I am restoring a cast-iron-and-wood garden bench similar to https://secure.img1-fg.wfcdn.com/im.../5109/51098490/Sundberg+Wooden+Park+Bench.jpg. Need to attach a heavy cast iron back piece to two horizontal wooden slats that are 1" thick that are "layered cakes" of oak and other types of mostly hardwoods. The iron piece has 4 holes for screws on each side (4 on top, 4 on bottom) that are 1/8" in diameter. Not only is the iron piece heavy, the back of the bench is also reclined putting extra stress on the screws and the wood. Is there any particular type of wood screw that would be best for attaching the iron to the wood?

Thx


----------



## Johnboy555 (Jul 14, 2019)

You could do this a couple ways. I would probably go with a larger screw, either brass or stainless, #10 or #12 X 1" long. Brass is not as strong, but stainless will stay shiny (aesthetics). You may have to drill the holes in the metal a bit larger , but that's easy. Another hint, put a drop or two of exterior glue in each hole, it helps keep the screws from loosing.
Sorry , after looking at the picture I see that the wood is only 3/4" thick, so you would need 3/4" screws.


----------



## slownsteady (Jul 16, 2019)

Is the cast iron piece resting on a ledge in the wood?


----------



## ilyaz (Jul 16, 2019)

slownsteady said:


> Is the cast iron piece resting on a ledge in the wood?

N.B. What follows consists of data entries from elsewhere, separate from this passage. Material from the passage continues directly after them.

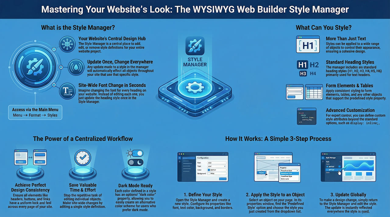The Style Manager is a central place to add, edit or remove CSS style definitions for the entire website.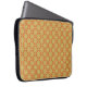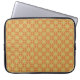 A stylish Neoprene Sleeve to protect your Laptop (up to 15-inch), with a pattern of stylised Green Flowers, outlined in Cream, on a Rusty Red Background; from the Posh & Painterly 'Jungle Drums" collection.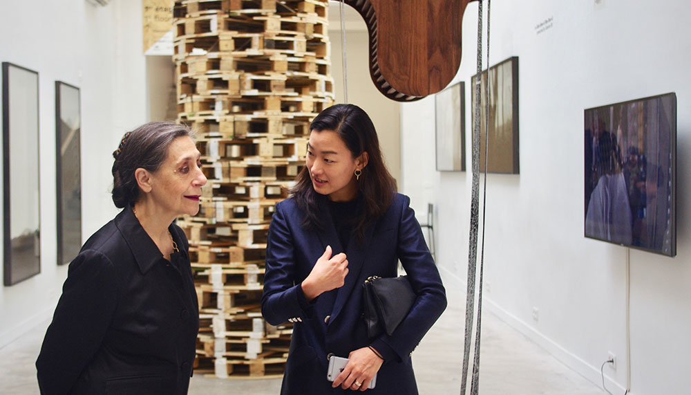 Fascinated by communication between the two Koreas, Kyungah Ham stands out for her Mona Lisa and the Others from the North installation. It juxtaposed portraits of Mona Lisa embroidered by North Korean artisans with interviews of North Korean refugees who have settled in South Korea.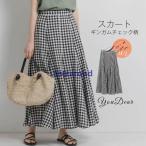 スカート ロング丈 フレア ギンガムチェック柄 ボトムス レディース カジュアル 上品 ロングシーズン 大人 ボトムス カジュアル おしゃれ 体型カバー 夏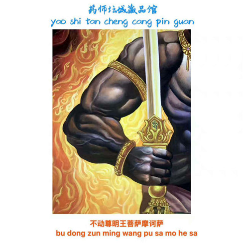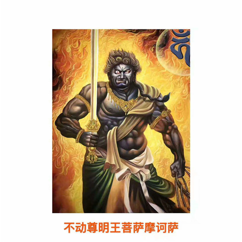 不动明王为佛教密宗八大明王首座,具有在遇到任何困难的时候,均能扫除障难,并不为动摇之意。不动明王显现愤怒像,使侵扰众生之邪魔畏惧而远离,使众生于修行路上不致动摇善念菩提心。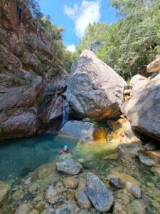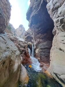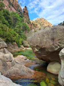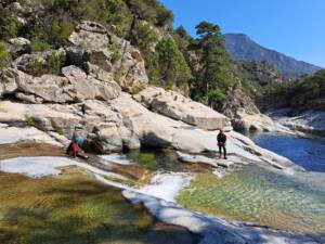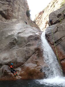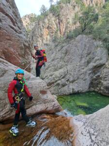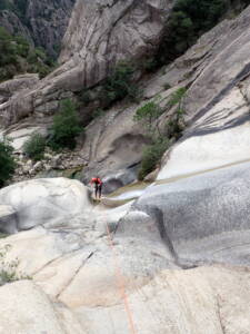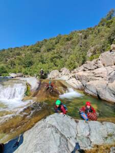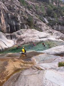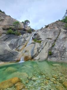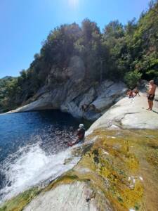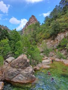 Eine Woche auf Korsika ist viel zu kurz um alle schönen Canyoningtouren und Plätze auf der Insel zu begehen und anzusehen, so müssen wir leider 😉 wieder kommen. Zum Empfehlen sind auf jeden Fall der Campingplatz „Rosumarinu“ (ca. 15min. vom Ort Solazara entfernt) der perfekt als Ausgangspunkt für die Touren im Gebiet Solenzara liegt und ein super Preis-Leistungs- Verhältnis hat (inkl. schöner Badestelle mit Sprungmöglichkeit). Die Touren Purcaraccia und Vacca waren jetzt nach der Hauptsaison auf jeden Fall alleine schon die Reise wert! Zu beachten ist das es seit 2024 für die Touren Purcaraccia, Pulischellu und Vacca wegen einem Unfall ein Nachweis einer Canyoning Befähigung nötig ist der auf einem neuen großen Ausgangsparkplatz (€5,-) oder von der Alpinpolizei in den Schluchten kontrolliert wird.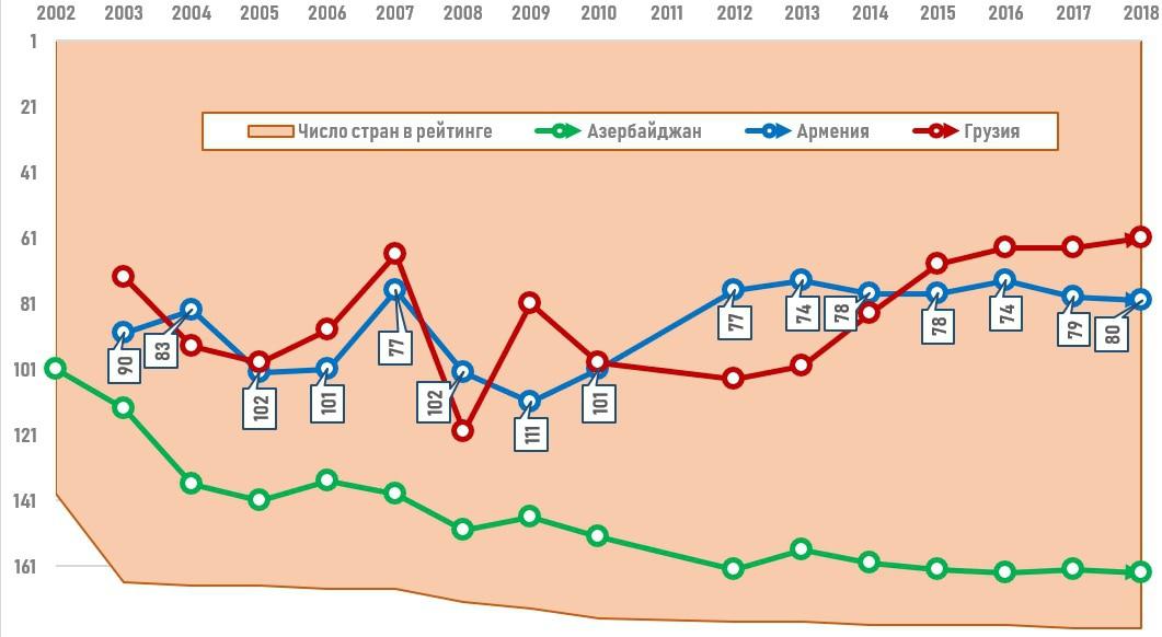 Страны Южного Кавказа в Индексе свободы прессы (Reporters Without Borders), место в рейтинге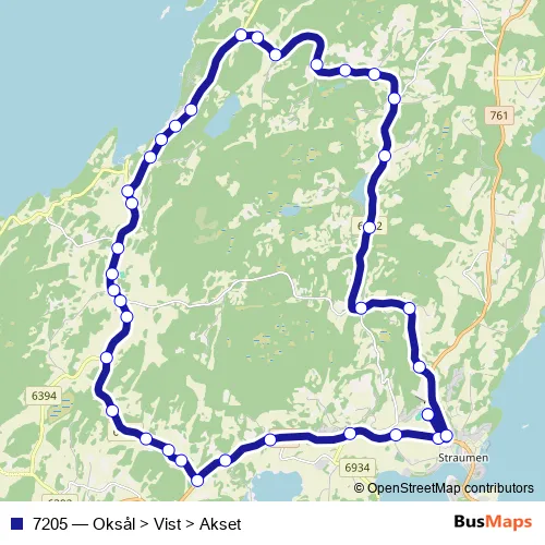 The first stop of the 7205 bus route is Akset and the last stop is Akset. 7205 (Oksål > Vist > Akset) is operational during på hverdager.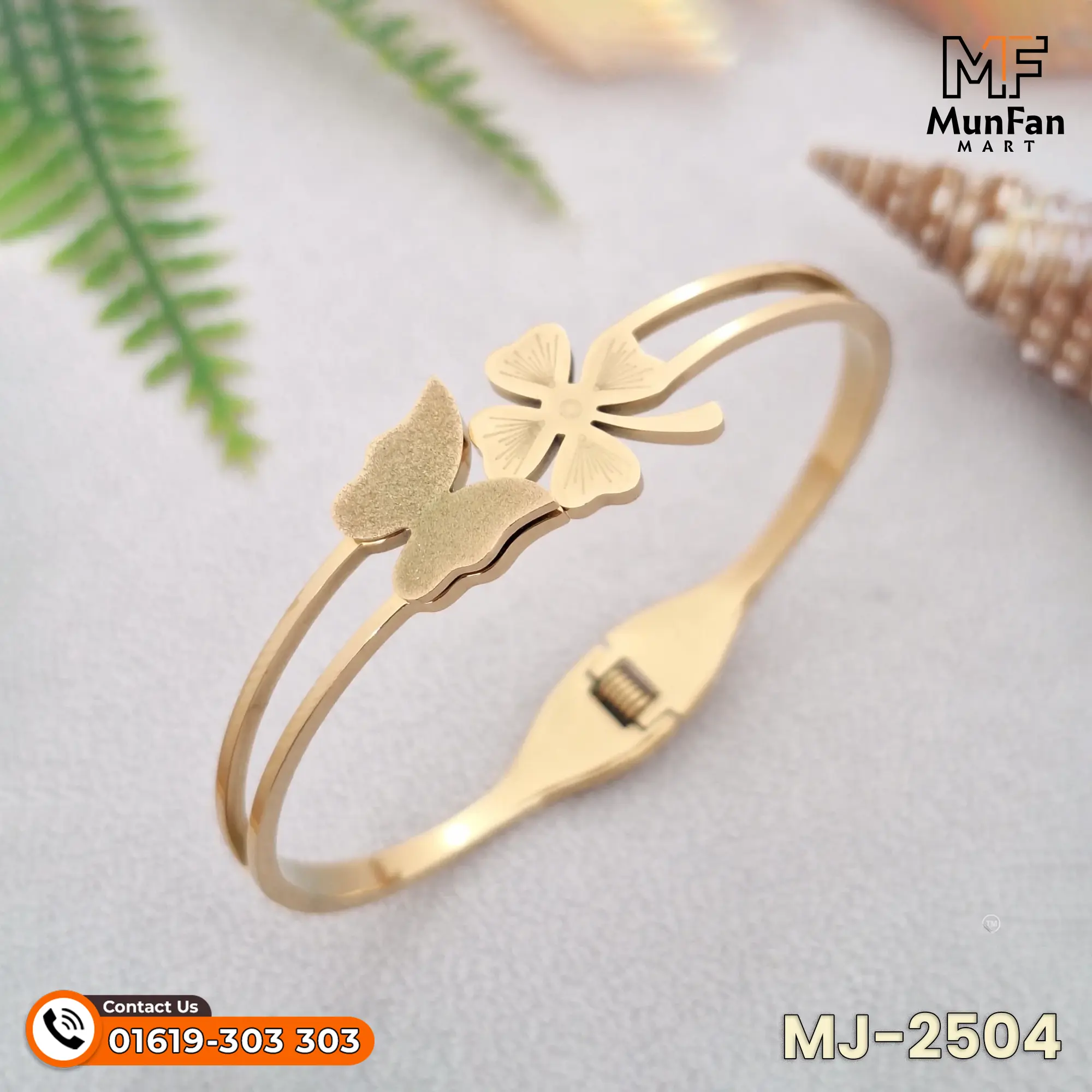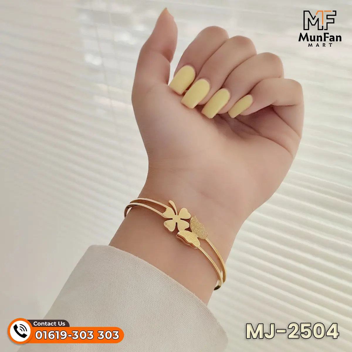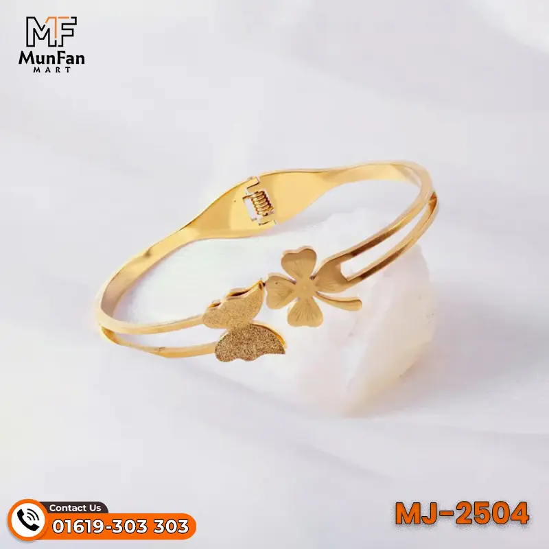 You desire a look of pure elegance. This bracelet brings style to your wrist. Gold plating shines with a rich glow. The butterfly design looks very natural today. Flowers add a soft and sweet touch. This jewelry piece fits every modern style. You look distinctive wearing this unique item. Fashion lovers admire this beautiful wrist accessory. MunFanMart.com offers this at a great price. The price is only 1,200৳ right now. It is the best deal in Bangladesh. Upgrade your collection with this luxury item. The model 2504 is a top choice. Gold-plated jewelry is trendy for women now.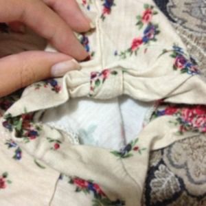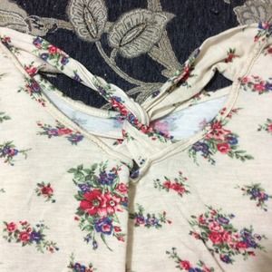 Adorable beige floral cropped tee with twisted detail on the back and bow-like detail on sleeves. Tiny pocket on left breast. Super adorable but too small on me.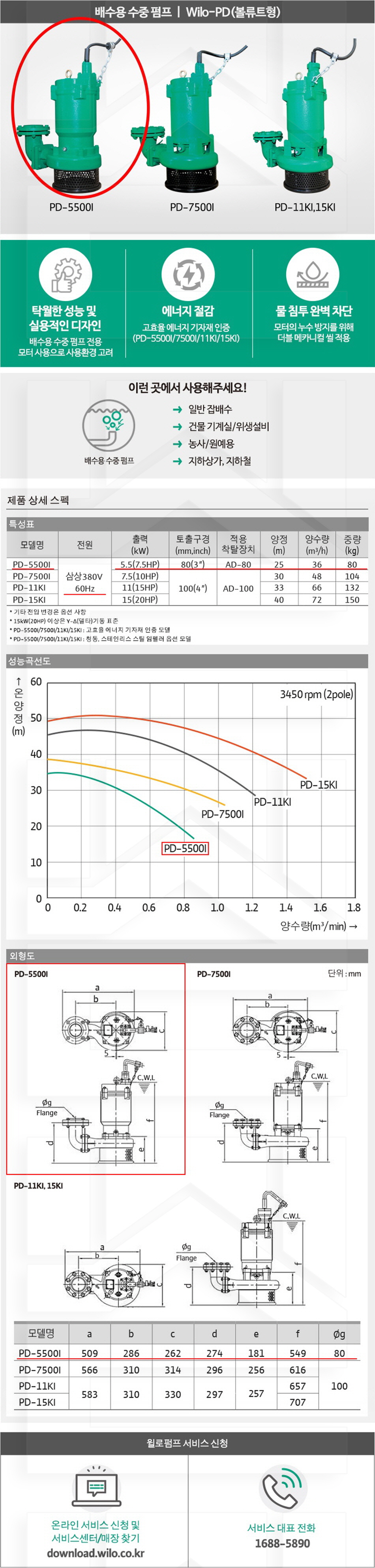 100-54-15-00005500 배수용수중비자동 삼상380, 잡배수용 PD-5500I 판매가 1,422,000 ~ 원 배송방법 일반배송 브랜드 제조사 윌로펌프 주식회사 상품옵션 품명 옵션코드 규격 중량 판매단위 회원가 수량 PD-1505I 100-54-15-00001505 50A 30.0kg (30,000g) 0 656,000원 - + PD-2200I 100-54-15-00002200 80A 50.0kg (50,000g) 0 766,000원 - + PD-3701I 100-54-15-00003701 80A 68.0kg (68,000g) 0 1,075,000원 - + PD-5500I 100-54-15-00005500 80A 80.0kg (80,000g) 0 1,423,000원 - + PD-7500I 100-54-15-00007500 100A 104.0kg (104,000g) 0 1,829,000원 - + PD-11KI 100-54-15-00110000 100A 132.0kg (132,000g) 0 2,594,000원 - + PD-15KI 100-54-15-00150000 100A 150.0kg (150,000g) 0 2,963,000원 - + 총 상품 금액(VAT포함) 원 회원 / 비회원 구매하기 상품담기 제품상세정보 상품문의 (0) 배송 안내 반품/교환 안내 배수용 수중 펌프 볼류트형 상품 문의하기 배송안내 배송 안내 일반제품 당일 1시 이전 주문시 재고 여부에 따라 당일발송 재고 부족시 2~3일 소요 파손위험제품 (화물택배/차량배송) 파손위험이 큰 제품은 빠렛트로 포장되어 차량으로 이동됩니다. 고객님이 지정한 장소와 가장 가까운 차량접근이 가능한 도로까지만 배송 주문물량 및 제품의 특성에 따라 화물, 화물택배. 합짐차량. 단독차량으로 고객님의 요청에 따라 운송 차량 지정 제품 하차시 파손이 있을 수 있으므로, 꼭 하차전 제품을 확인 고객센터 고객 센터 010-6539-7900 상담시간 오전 09시 ~ 오후 6시 점심 : 12:00 ~ 13:00 / 휴일 : 토, 일요일, 공휴일 반품/교환 안내 제품의 하자 및 오배송은 문의 주시면 즉시 처리해드리겠습니다. 반품/교환 판매자 지정택배사 : CJ대한통운 반품배송비(편도) : 3,000원 교환배송비(왕복) : 6,000원 보내실 곳 : 전라북도 전주시 완산구 콩쥐팥쥐로 1570 * 반품/교환 사유에 따른 요청 가능 기간 구매자 단순 변심 : 상품수령후 7일이내(구매자 반품 배송비 부담) 반품/교환 불가능 사유 교환/반품 요청 기간이 지난 경우 소비자의 책임 있는 사유로 상품 등이 분실/파손/훼손된 경우 소비자의 사용/소비에 의해 상품 등의 가치가 현저히 감소한 경우 제품을 설치 또는 장착하였을 경우 주문제작 상품중 상품제작에 들어간 경우 제품을 하차 또는 시공 후의 공정과정에서 일어난 파손의 경우 교환 반품시 고객 부담 배송비를 지불하지 아니한 경우 * 펌프제품은 미사용, 포장박스 미훼손 시에만 교환/반품이 가능합니다. 고객센터 고객 센터 010-6539-7900 상담시간 오전 09시 ~ 오후 6시 점심 : 12:00 ~ 13:00 / 휴일 : 토, 일요일, 공휴일

Sort of. Not really. That's because the back is reclined, not vertical, and the iron piece is attached form the back, not from the front. So it sort of rests on the bottom plank.

I bought some decking screws and planning to drill pilot holes in the wood. Tried without pilot holes on a test piece and it cracked, which was to be expected I guess. With the pilot holes no cracking, and I drilled a few extra holes in the iron piece so will have 7 screws on each side -- hopefully that'll be enough


----------